The new law reads as follows:

 

Minutes of any meeting of a local public body at which the adoption of any proposed policy, position, resolution, rule, regulation, or formal action occurs or could occur shall be taken and promptly recorded and such records shall be open to public inspection.

Section 24-6-402(2)(d)(II), C.R.S. (1992 Supp.) (emphasis added).

Although the new law treats state and local public bodies similarly in requiring "open" meetings and in requiring sufficient notice, it treats them differently as to the recording of minutes. State public bodies must record minutes of all meetings. Section 24-6-402(2)(d)(I), C.R.S. (1992 Supp.). But, as shown above, local public bodies must record minutes only when they conduct meetings at which the "adoption" of any "formal action" could occur.
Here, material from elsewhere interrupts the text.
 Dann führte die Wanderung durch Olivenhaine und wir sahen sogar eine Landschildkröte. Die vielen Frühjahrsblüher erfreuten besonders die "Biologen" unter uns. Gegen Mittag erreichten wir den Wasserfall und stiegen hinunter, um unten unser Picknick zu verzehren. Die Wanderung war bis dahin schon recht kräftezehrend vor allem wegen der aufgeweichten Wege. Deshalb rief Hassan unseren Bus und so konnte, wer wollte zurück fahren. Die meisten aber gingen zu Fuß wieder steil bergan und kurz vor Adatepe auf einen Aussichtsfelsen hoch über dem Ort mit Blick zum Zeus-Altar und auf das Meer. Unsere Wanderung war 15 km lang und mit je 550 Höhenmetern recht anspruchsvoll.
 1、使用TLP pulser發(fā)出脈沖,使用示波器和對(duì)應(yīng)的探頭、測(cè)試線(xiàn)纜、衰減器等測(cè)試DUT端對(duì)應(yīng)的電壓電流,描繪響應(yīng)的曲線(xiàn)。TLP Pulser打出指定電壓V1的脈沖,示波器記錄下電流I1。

Within the meaning of this statute, the word "adoption" means the "taking" of any official action -- i.e., "to accept, consent to and put into effective operation; as in the case of a constitution, constitutional amendment, ordinance or by-law." Black's Law Dictionary(5th ed).
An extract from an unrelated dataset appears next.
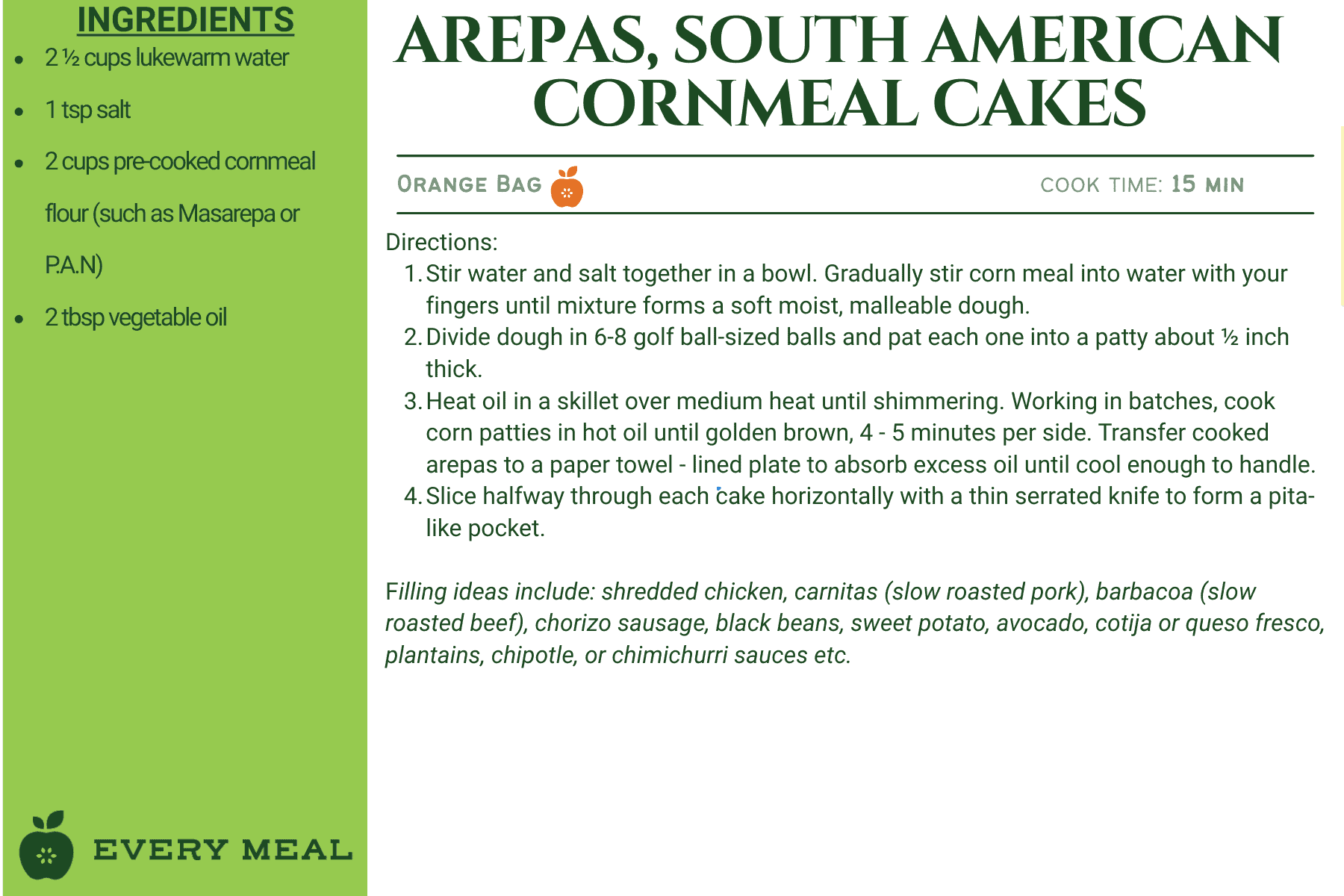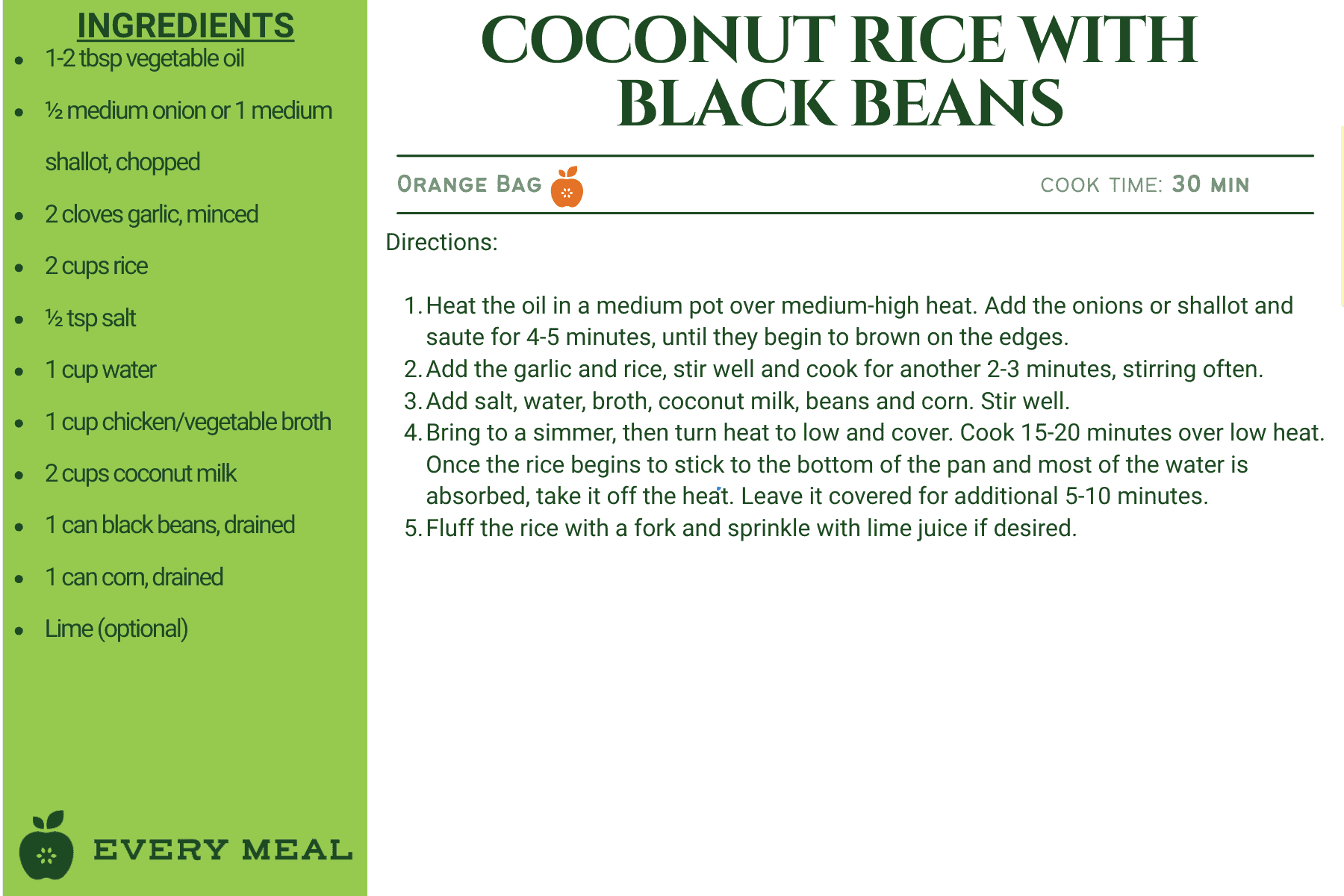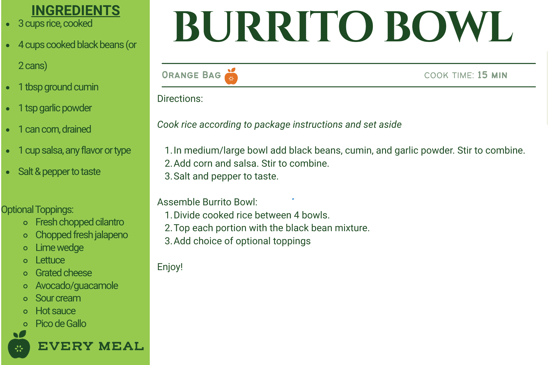 These recipes use ingredients from our orange bag, which are tailored for Latino dietary preferences. This meal bag may contain items such as rice, black beans, pinto beans, corn flour, fideo pasta, enchilada sauce, chipotles in adobo, and diced tomatoes.
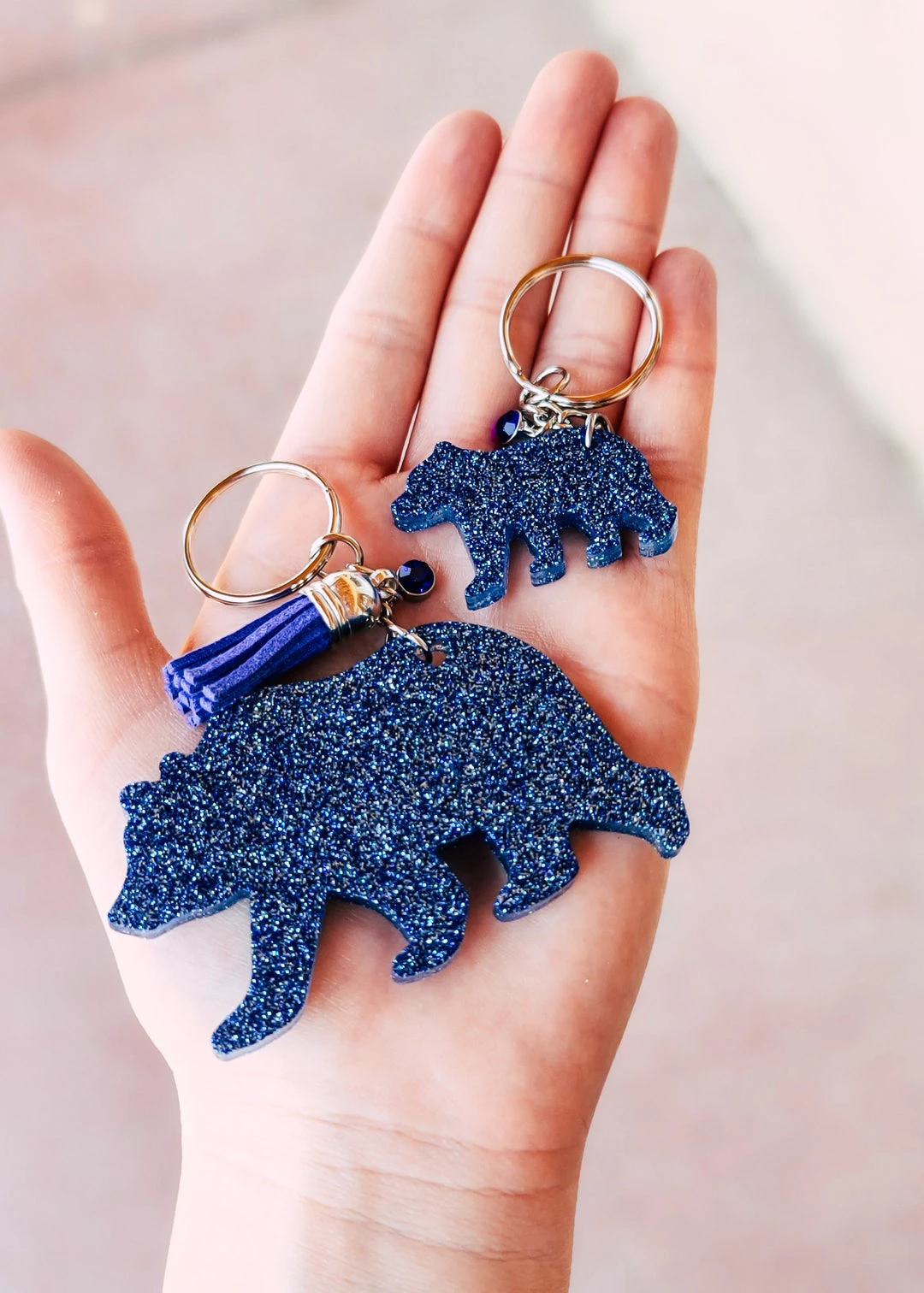 - The Cinchy Cowgirl Mama Bear & Baby Resin Keychain is a charming and durable accessory, crafted with high-quality resin in a beautiful blue and silver design.

The term "formal action" appears to encompass any official act which a public body might accomplish. The actions enumerated in the statute -- i.e., "adoption of any policy, position, resolution, rule, regulation" -- are only examples of "formal action." (Thus, an official action not listed in the statute would still trigger the recording requirement.)

Therefore, if the local public body intends to adopt a formal action, or wishes to retain the authority to adopt such an action, it must record minutes. Conversely, if the local public body announces (in an agenda or during a prior public meeting) that no formal action will be taken, then minutes are not required.
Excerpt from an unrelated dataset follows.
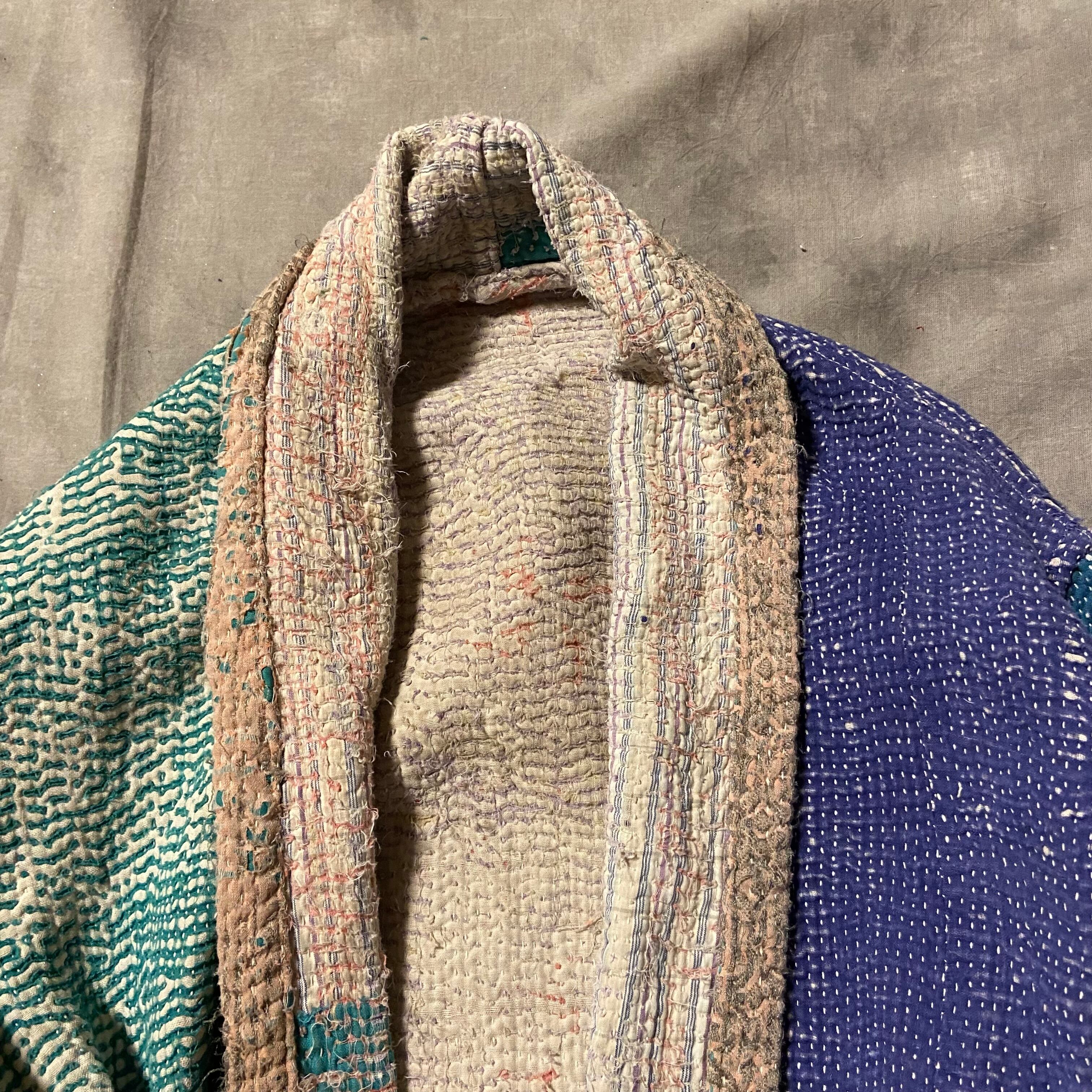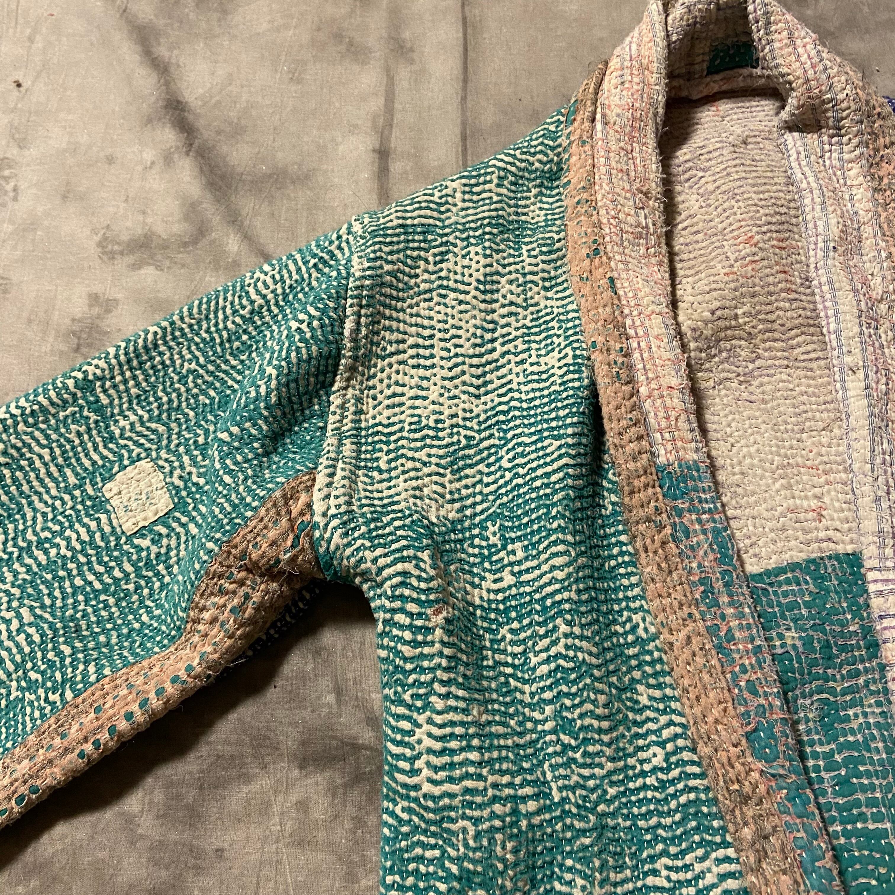 要らなくなったサリー等の布を重ね合わせ、ひと針ひと針丁寧に手作業で刺子を施し新たな1枚の布にしてベッドカバー等に再利用し代々受け継がれています。

Statutory requirements aside, however, it is clear that minutes should be taken whenever feasible. They are the chief means by which most citizens can ascertain the activities of local public bodies. They provide insight into the intent behind particular situations, and they provide invaluable assistance in helping successors and the courts implement the policy and intentions of the public entities. Without minutes, significant historical gaps are likely to occur.

     2. The form of the minutes is left to the reasonable discretion of the local public body. To the extent practicable, written minutes should be used. Christiansen v. Harris, 163 P.2d 314, 317 (Utah 1945). However, tape recordings have been deemed acceptable. Cf. Harris v. Nordquist, 771 P.2d 637, 641 (Or. App. 1989). A verbatim transcription is not required, particularly when the local public body does not have the fiscal resources to provide a verbatim transcription. School District No. 9 v. District Boundary Board, 351 P.2d 106, 113 (Wyo. 1960). However, any summaries must be sufficiently detailed to allow the public to discern the body's activities. Howard v. Lindmer, 214 P.2d 737, 742 (Wyo. 1950).

     3. Generally, clerks or secretaries of the local public bodies take and record minutes. Cf. Section 30-10-319, C.R.S. (1986). However, if the clerk or secretary is unavailable, other designated officials or employees of the local public body have inherent authority to record the proceedings. Board of County Commissioners v. Hatfield, 39 Colo. App. 548, 551-52, 570 P.2d 1091, 1093 (1977).

 

SUMMARY

Minutes of any meeting of a local public body at which formal action may occur must be taken and recorded. The method by which they are taken may vary; however, the minutes must accurately reflect the activities of the meeting.

 

 

 

Gale A. Norton
Attorney General

 

 

 

Maurice Knaizer Deputy Attorney General

 

 

 

OPEN MEETINGS
COUNTIES
PUBLIC INFORMATION

Section 24-6-402, C.R.S. (1991 Supp.)

SENATE

Minutes of any meeting of a local public body at which formal action may occur must be taken and promptly recorded. The method by which they are taken may vary; however, the minutes must accurately reflect the activities of the meeting.